===== Data shown =====

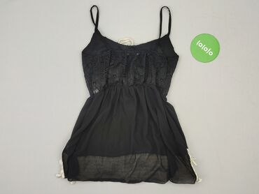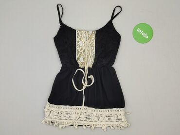 Bluzka damska MiLady, made in Italy - Kolor: czarny - Krój: bez rękawów, z krótką falbanką na ramionach - Dekolt: głęboki V z ozdobną koronkową lamówką; z przodu troczki do lekkiego związania - Ty...Stan:
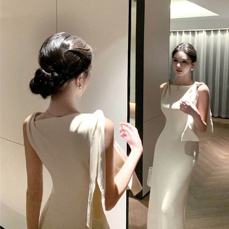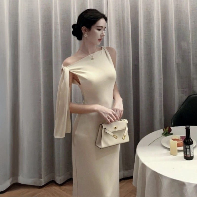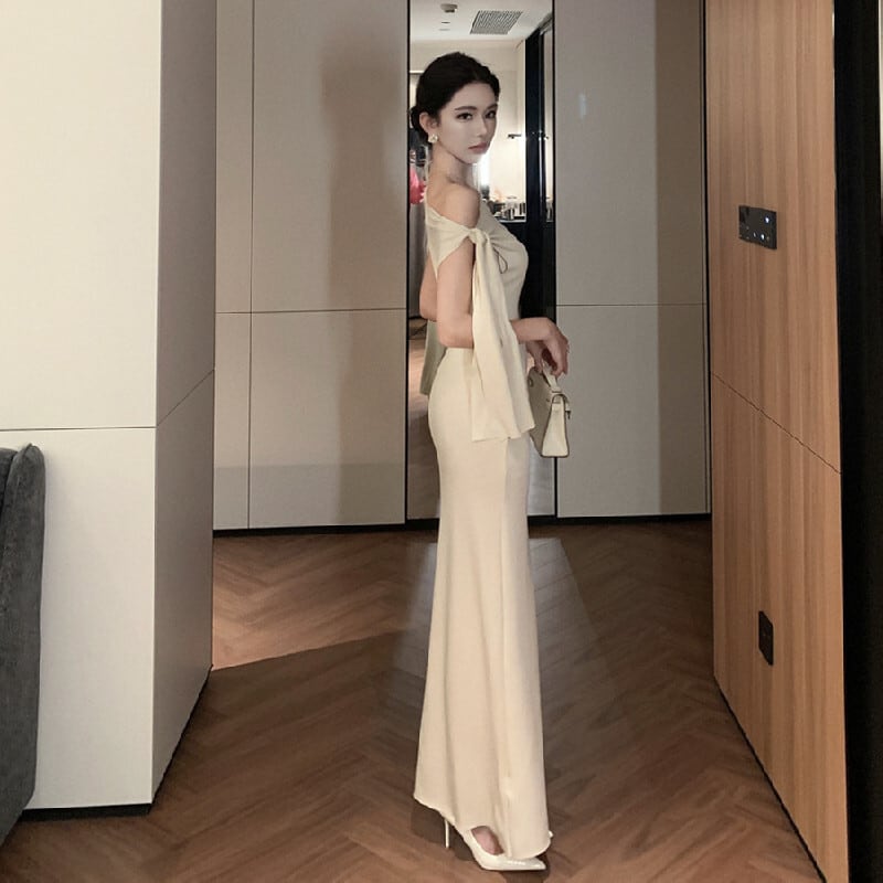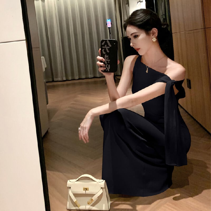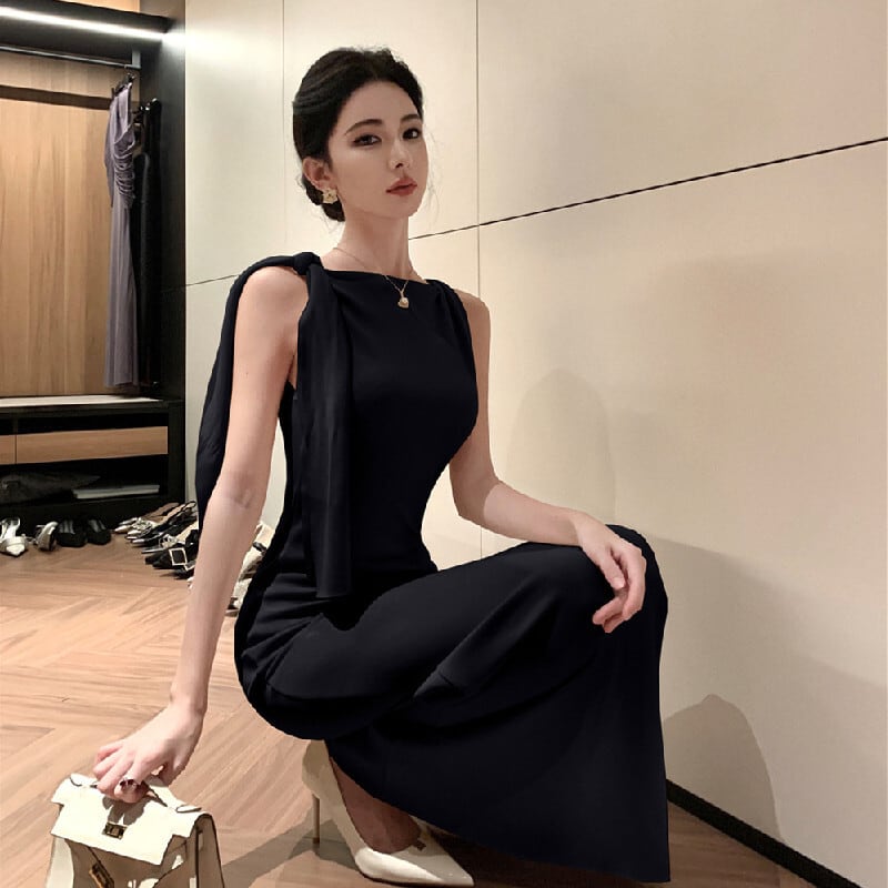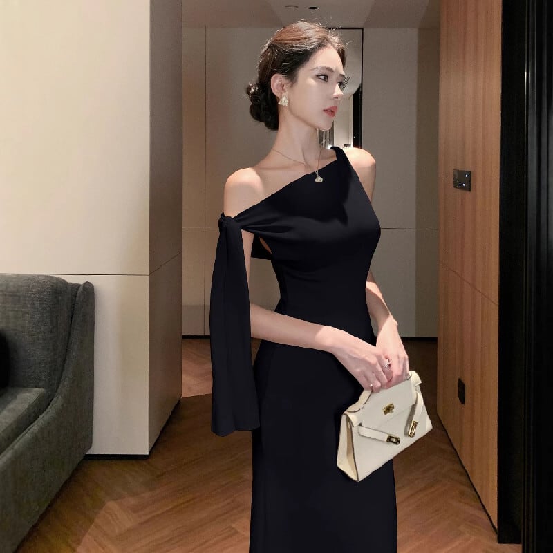 ワンピース オフショルダー リボン シンプルシルエット ベージュ ブラック S M L
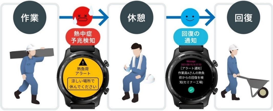 ・回復状態も検知し、現場での適切な休憩および現場復帰を促す
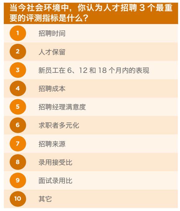 越来越多的招聘人员通过评估新员工的长期表现,以评估招聘工作的绩效。光辉睿程通过对全球1100多名招聘负责人进行调查发现,大中华区受访者表示,招聘时间是评估招聘人员绩效最首要的指标,紧随其后的是人才保留以及入职新员工在6、12和18个月内的绩效表现。
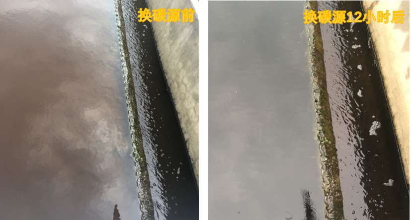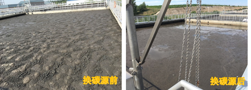 由圖3圖4可以看出,更換碳源后二沉池泥位明顯降低,并且缺氧池表面死泥明顯變少。
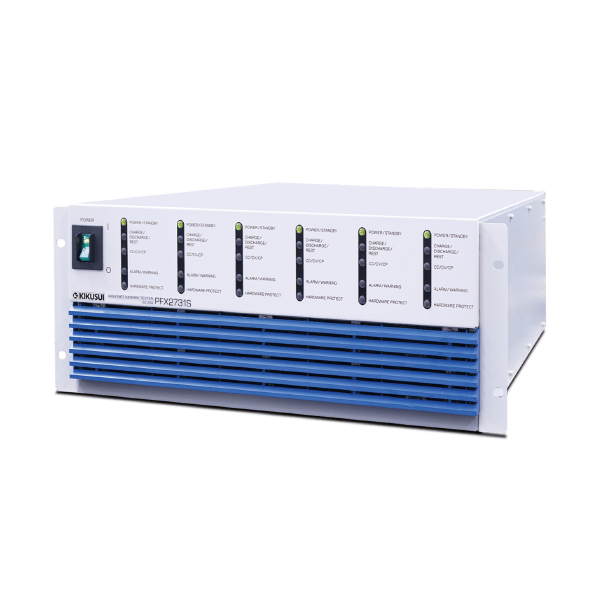 The PFX-2731S is a 6 V-20 A 6-channel battery tester that supports high-rate charge/discharge tests. It is operated with the application software BPChecker4000, which is exclusive to the PFX-2731S. As one PC can operate up to 4 units (24 channels), one can construct a multi-channel charge/discharge system according to the required number of channels. In order to safely conduct long-term continuous testing, it also has 2-system independent protection functions for hardware and software, as well as various protection functions such as a connection confirmation function that detects incorrect wiring and integrated capacity protection.

=====

**What to produce**
Everything in the preceding material must be transcribed exactly, except the images.

**Solution for this task**
 Bluzka damska MiLady, made in Italy - Kolor: czarny - Krój: bez rękawów, z krótką falbanką na ramionach - Dekolt: głęboki V z ozdobną koronkową lamówką; z przodu troczki do lekkiego związania - Ty...Stan:
 ワンピース オフショルダー リボン シンプルシルエット ベージュ ブラック S M L
 ・回復状態も検知し、現場での適切な休憩および現場復帰を促す
 越来越多的招聘人员通过评估新员工的长期表现,以评估招聘工作的绩效。光辉睿程通过对全球1100多名招聘负责人进行调查发现,大中华区受访者表示,招聘时间是评估招聘人员绩效最首要的指标,紧随其后的是人才保留以及入职新员工在6、12和18个月内的绩效表现。
 由圖3圖4可以看出,更換碳源后二沉池泥位明顯降低,并且缺氧池表面死泥明顯變少。
 The PFX-2731S is a 6 V-20 A 6-channel battery tester that supports high-rate charge/discharge tests. It is operated with the application software BPChecker4000, which is exclusive to the PFX-2731S. As one PC can operate up to 4 units (24 channels), one can construct a multi-channel charge/discharge system according to the required number of channels. In order to safely conduct long-term continuous testing, it also has 2-system independent protection functions for hardware and software, as well as various protection functions such as a connection confirmation function that detects incorrect wiring and integrated capacity protection.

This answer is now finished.